Hi everyone, I’m starting my first project on unemployment rates and I’m trying to create a plot that matches what the Bureau of Labor Statistics (BLS) shows. I would love some guidance on where to find reliable data for this, specifically what variables I should focus on, like the number of unemployed and the labor force. Any tips on data cleaning or preparation would also be really helpful. Thanks so much for your help!
A number of different unemployment metrics are published by the BLS and the specific procedure to replicate them will depend on a variety of factors. I am sharing some general guidelines as well as a procedure to replicate the values in the BLS table Employment status of the civilian noninstitutional population. This table provides estimates of the number of persons employed, unemployed, and not in the labor force averaged over each year. Unlike monthly data, which the BLS applies seasonal adjustment techniques to, this annual data does not require seasonal adjustment and is therefore more straightforward to generate using IPUMS CPS data. If you encounter any difficulties with the procedure below, please take a look at this short video tutorial of the IPUMS CPS extract system or our detailed FAQ page. We also provide data training exercises with questions and sample code that are helpful for confirming your understanding of how to correctly analyze IPUMS data.

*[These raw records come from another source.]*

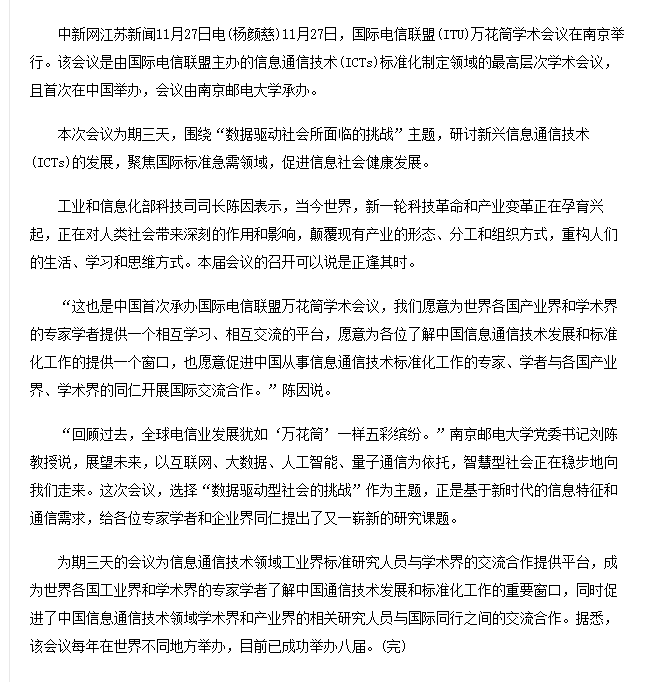【中國新聞網】國際電信聯盟萬花筒學術會議在南京召開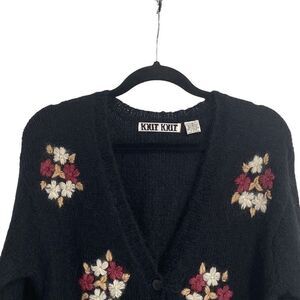 Knit Knit Vintage Mohair Blend Embroidered Cardigan Sweater Black Small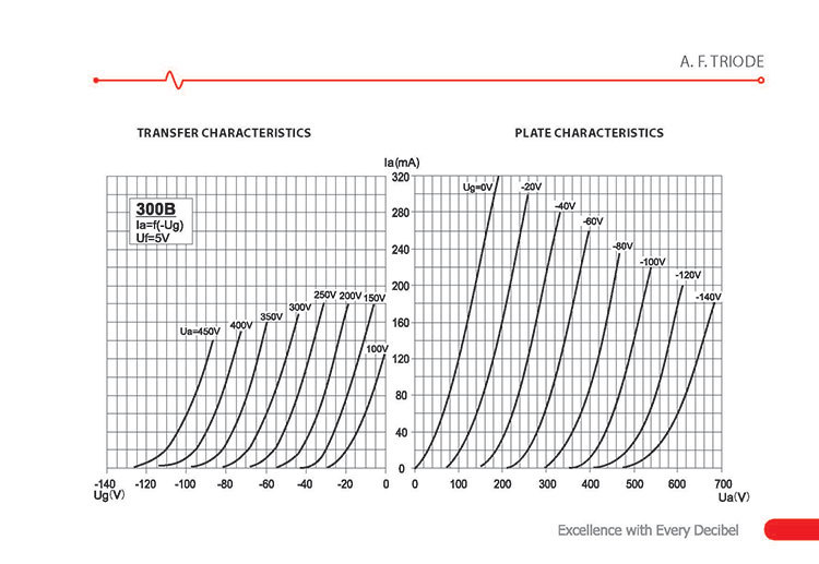 A.F. TRIODE - 300B is a power triode with a directly heated cathode and power of 40 W, mostly for Hi-Fi application. Detailed and clear sound provides real musical reproduction.
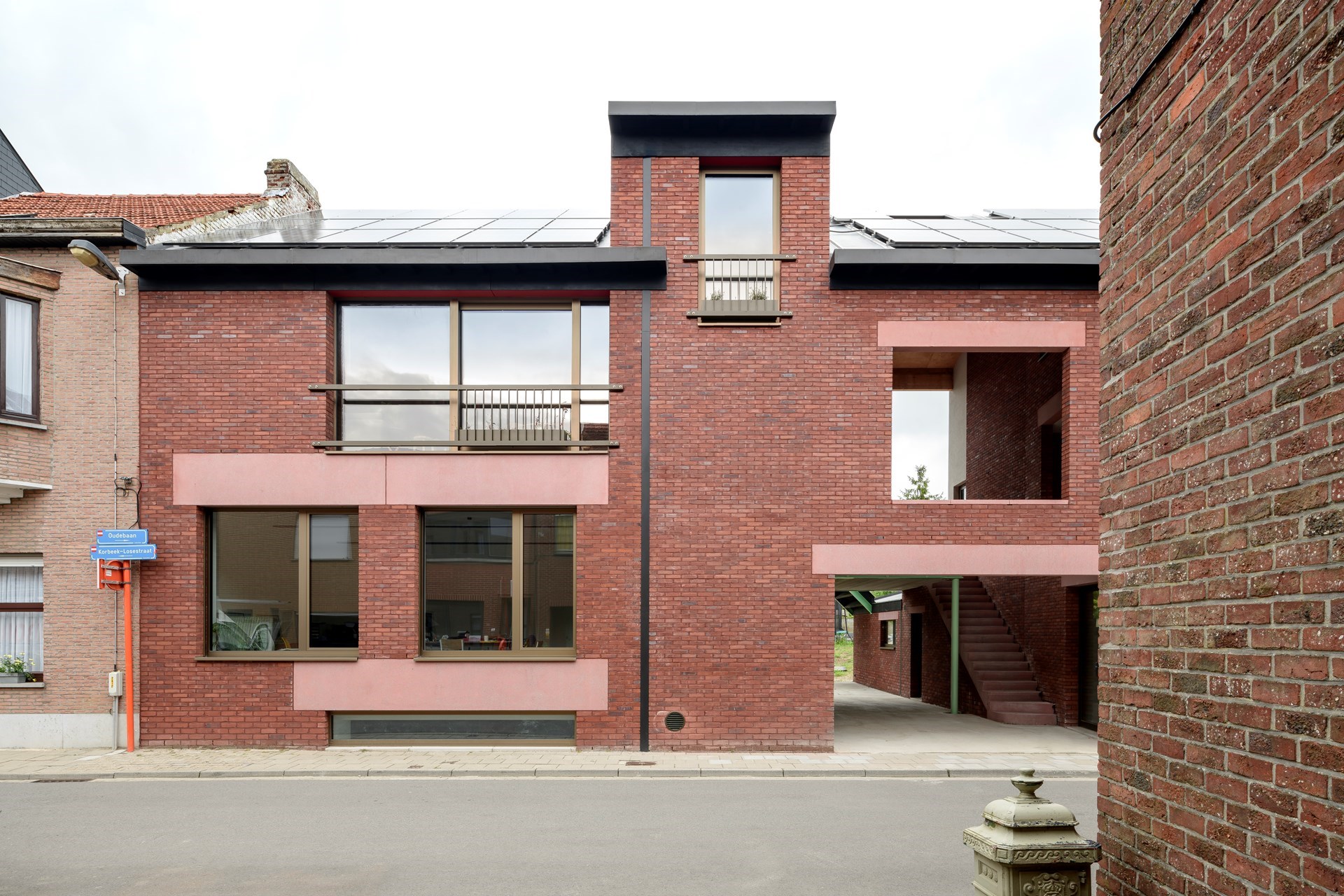 In Leuven ontwierp Carton123 architecten een collectief woonproject waar twee familiegeneraties zorgen voor elkaar. Dankzij een slimme schakeling van wooneenheden konden de ontwerpers vijf woningen creëren op een perceel waarop voorheen slechts één woning met garage stond, zonder dat het gebouw een overmaatse monoliet in het dichte stadsweefsel wordt. Het gebouw past naadloos in de straat met eerder smalle rijwoningen, maar krijgt door de herkenbare gevel in baksteen en roze beton toch een duidelijk adres in de stad. Lambda-max stond in voor de stabiliteitsstudie. Het project is genomineerd voor de Belgian Building Awards 2022 in de categorie Groepswoningbouw.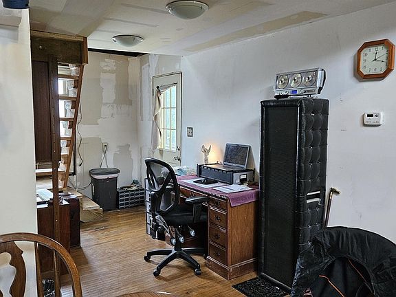 This unique, cute home has all the major updates done , just needs walls sanded and painted! Laundry on main level, updated furnace, water heater, electric, plumbing, The home was gutted to the studs and made into open floor plan living with all new drywall! Large loft 2nd bedroom. Foyer being used as an office, and electric panel in cabinet of Primary bedroom. Additional small box in basement. Large back yard, and ready for your finishing touches! Seller is open to finishing some things, But being sold "as is"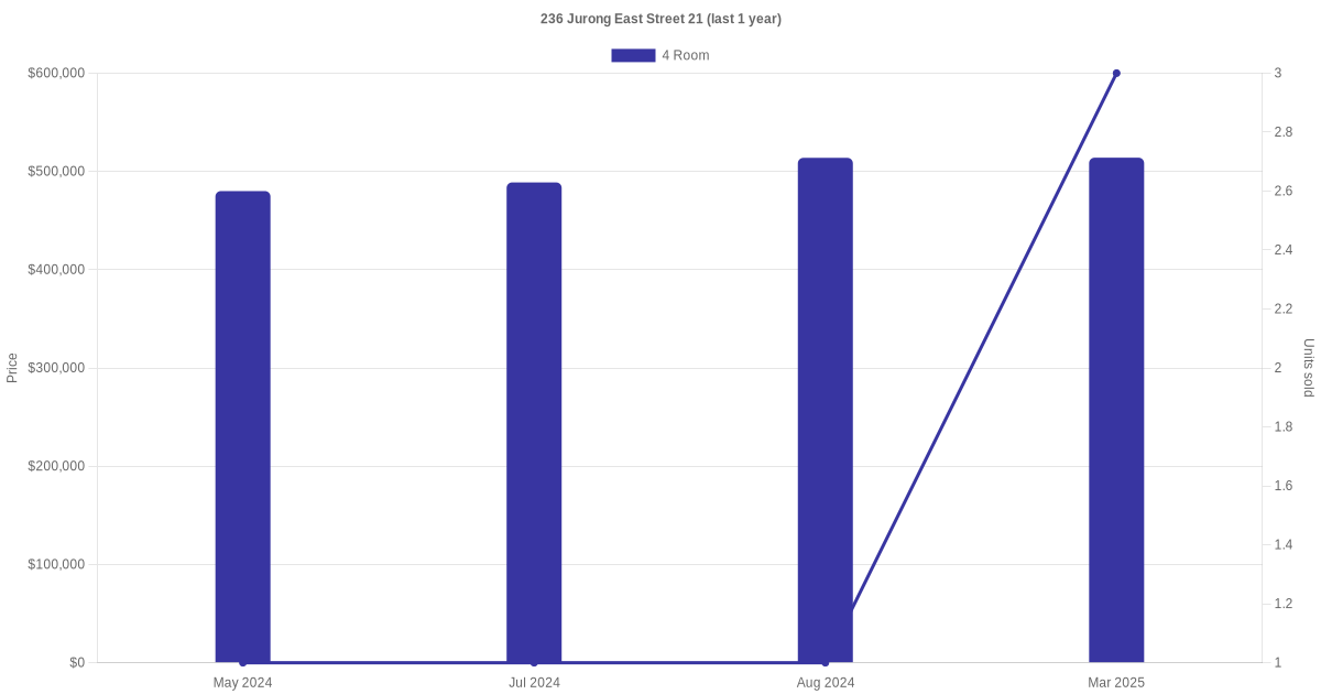 Below is a quick summary of the resale transactions volume and average price trends for the 4 room units at 236 Jurong East Street 21.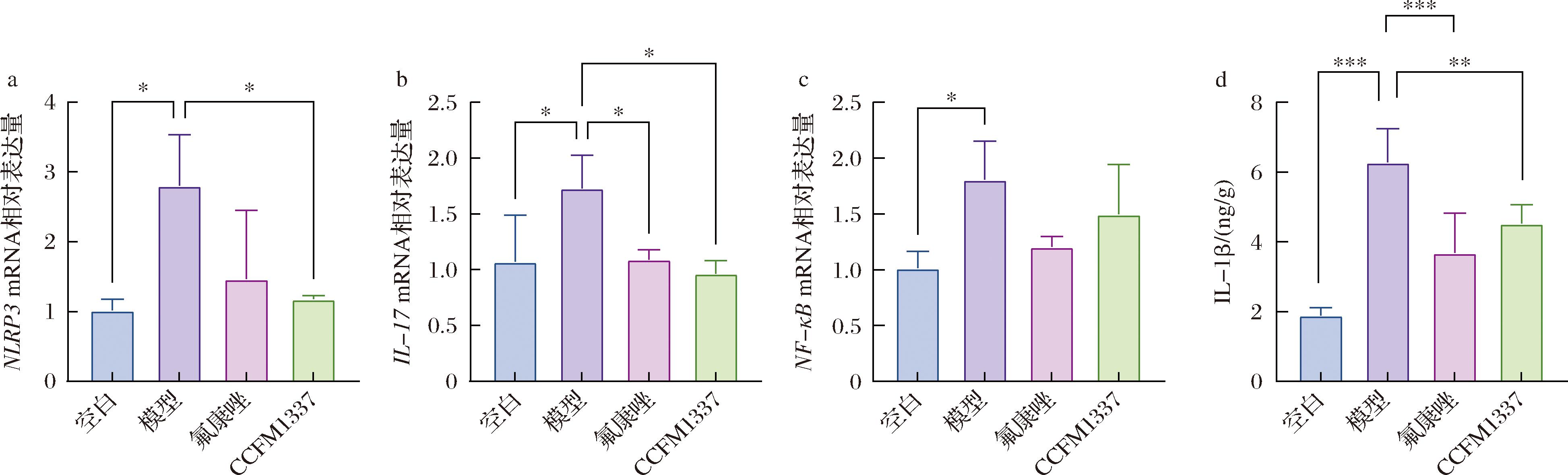 NLRP3炎症小体在机体抵御念珠菌感染中有着重要作用,能够被C.albicans分泌的SAP激活,进而促进pro-IL-1β裂解释放IL-1β,并激活Th17细胞释放IL-17,其中IL-17能够诱导抗菌肽分泌促进阴道黏膜对C.albicans的防御;同时IL-1β、IL-17以及构成真菌细胞壁的β-葡聚糖、几丁质等成分均能激活机体内的关键转录因子NF-κB,这一转录因子能够调控多种基因,同时介导内皮屏障破坏[3,22-24]。如图4所示,模型组小鼠阴道组织中NLRP3 mRNA表达上调2.75倍(P<0.05),下游IL-1β(P<0.001)、IL-17(P<0.05)、NF-κB(P<0.05)mRNA表达同步提高;经过CCFM1337的干预,NLRP3(P<0.05)、IL-1β(P<0.01)、IL-17(P<0.05)分别下降了2.37倍、1.39倍和1.79倍,推测这可能是CCFM1337的代谢产物对于SAP的抑制作用;同时NF-κB虽然表现出下降趋势,但是无统计学差异,这可能是由于NF-κB受到多种通路调控,而其他通路的激活抵消了上述抑制作用。有研究表明,念珠菌溶血素能够以剂量依赖式诱导IL-1β的分泌,加剧组织炎症损伤[4,25],炎症因子的表达水平与阴道微生态的平衡密切相关,阴道微生态的破坏会进一步破坏阴道上皮屏障的完整性及其功能性[26],而CCFM1337能够调节炎症相关指标的表达水平,修复被C.albicans破坏的阴道上皮屏障,增强对病原菌的抵抗能力。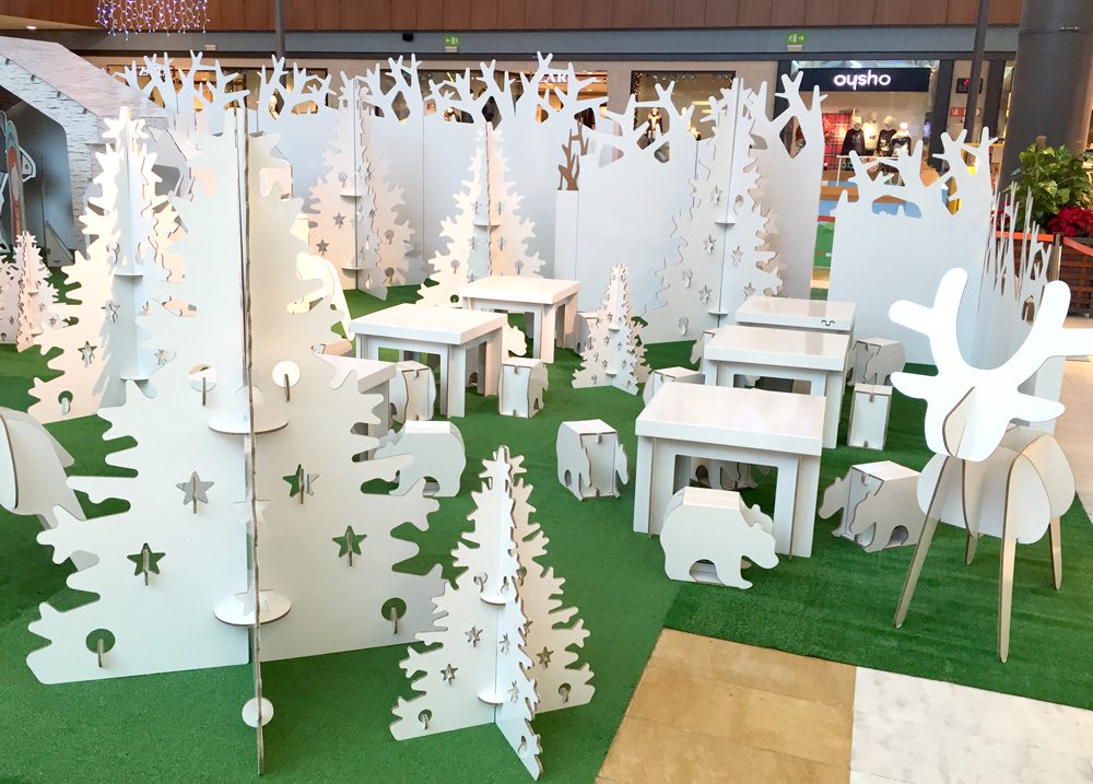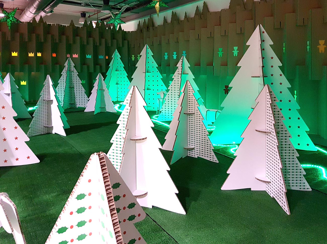 Este árbol de cartón permite incluir elementos como luces LED, adornos o pintura, convirtiéndose en un símbolo navideño que se adapta a cualquier estilo. También su versión XXL lo hace ideal para espacios públicos interiores, centros comerciales, hoteles, halls de empresas e instituciones.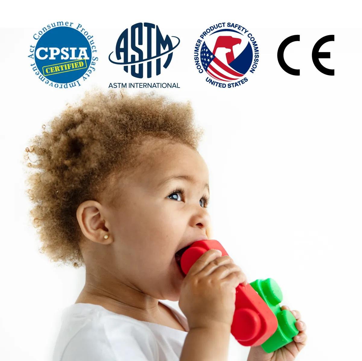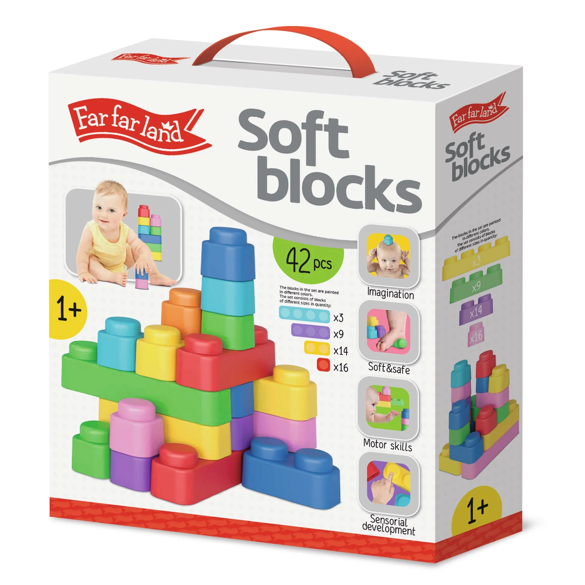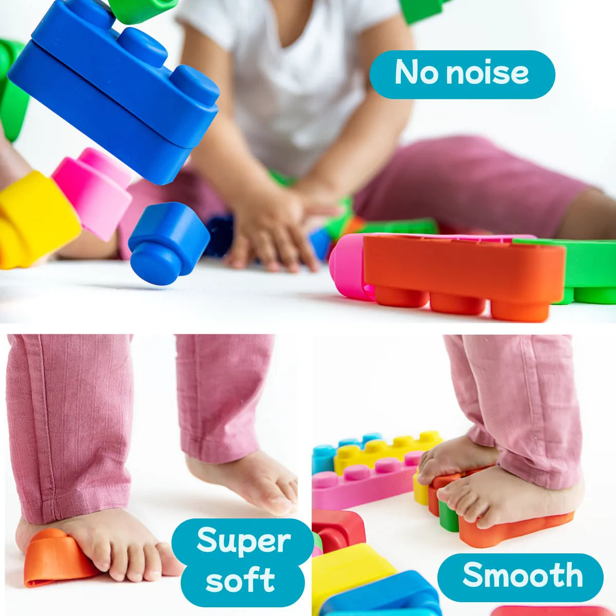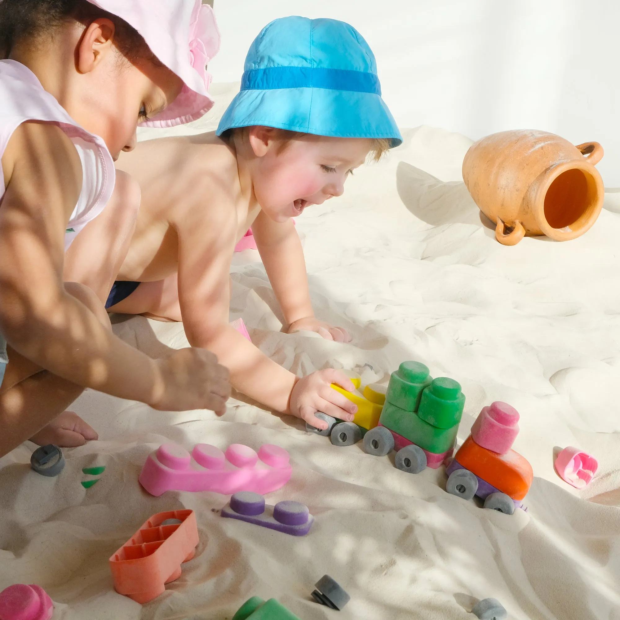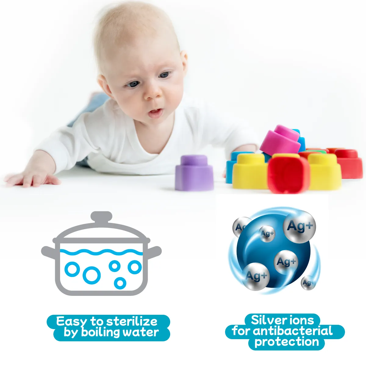 Baby Soft Building Blocks are great for playtime anywhere and anytime at home, at the nursery, in the sandbox, at the beach, in the car, on an airplane or when visiting friends or family. Moreover, you can use these toys as ice moulds or even as bakeware because they are made of high-quality, food-grade material with certified-safe dyes. These beautiful blocks will withstand years of daily active play without changing shape or color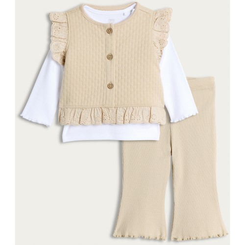 3-Piece Top Waistcoat and Flared Leggings in Stone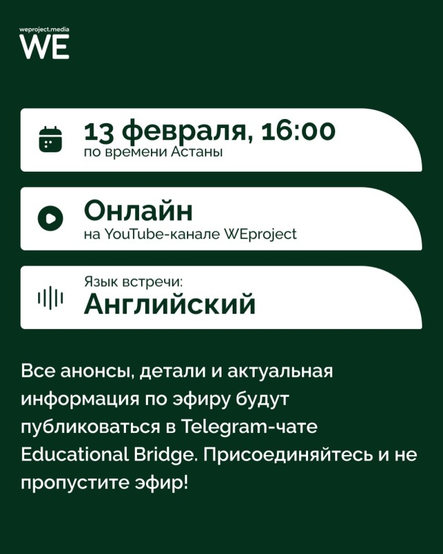Эфир пройдет 13 февраля, в 16:00 по времени Астаны на YouTube-канале WEproject.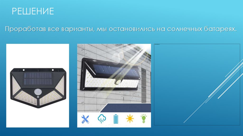 РЕШЕНИЕПроработав все варианты, мы остановились на солнечных батареях.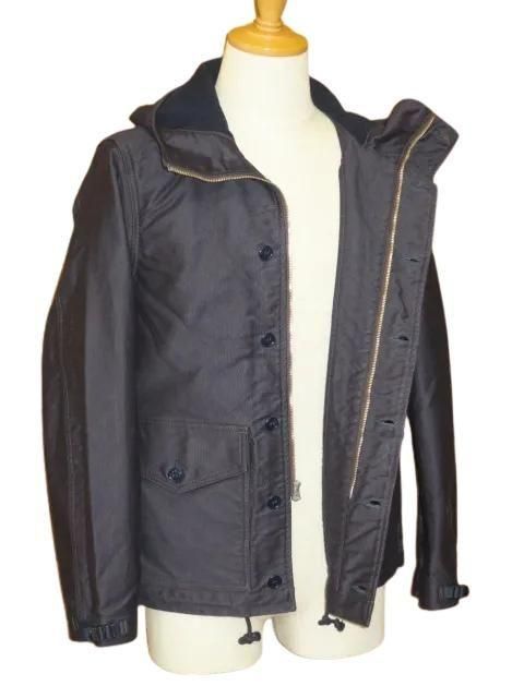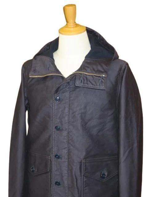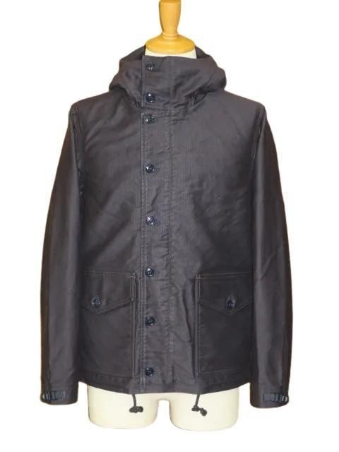 UNION SPECIAL OVERALLS 1940 〜1950s U.S.NAVY STYLE CLOTHING Vintage Style High Density Jungle Cloth アメリカ海軍のデッキワーカーパーカをイメージしたオリジナルデザインです。 フロントはボタンとジッパー仕様です。 裾ハンドウォーマーポケットはフラップ付きで上からも物を入れることができます。 袖口とフードにはハシゴバックルのストラップが付き、サイズ調節できます。 裾はドローコード内蔵で調節できます。 生地は高密度のジャングルクロス(裏起毛あり)を使用しています。 フード裏側とハンドウォーマーポケット裏側にはコットンネルを使用しています。 ボタンは尿素ボタンを使用しています。 ウォッシュ。 ネイビー サイズ: 38.40.42 サイズ目安 (cm) 38 身幅55 肩幅45 着丈70 袖丈64 40 身幅57.5 肩幅47 着丈72 袖丈64 42 身幅60 肩幅49 着丈74 袖丈64.5 誤差はご了承ください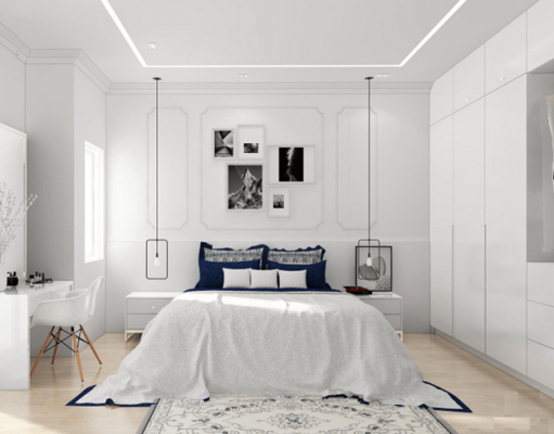 Phòng ngủ màu trắng cho người thích sự đơn giản, nhẹ nhàng

Since the table reports annual averages, you will want to add all of the Basic Monthly Survey (BMS) samples for the years that you are interested in. From looking at the table, you’ll want the variables EMPSTAT (employment status), LABFORCE (labor force participation), and IND (respondent’s industry). Analysis of CPS data must use weights to make the estimates nationally representative and account for the complex sampling design. You should use COMPWT with analyses that are intended to replicate BLS estimates, so add COMPWT to your data cart.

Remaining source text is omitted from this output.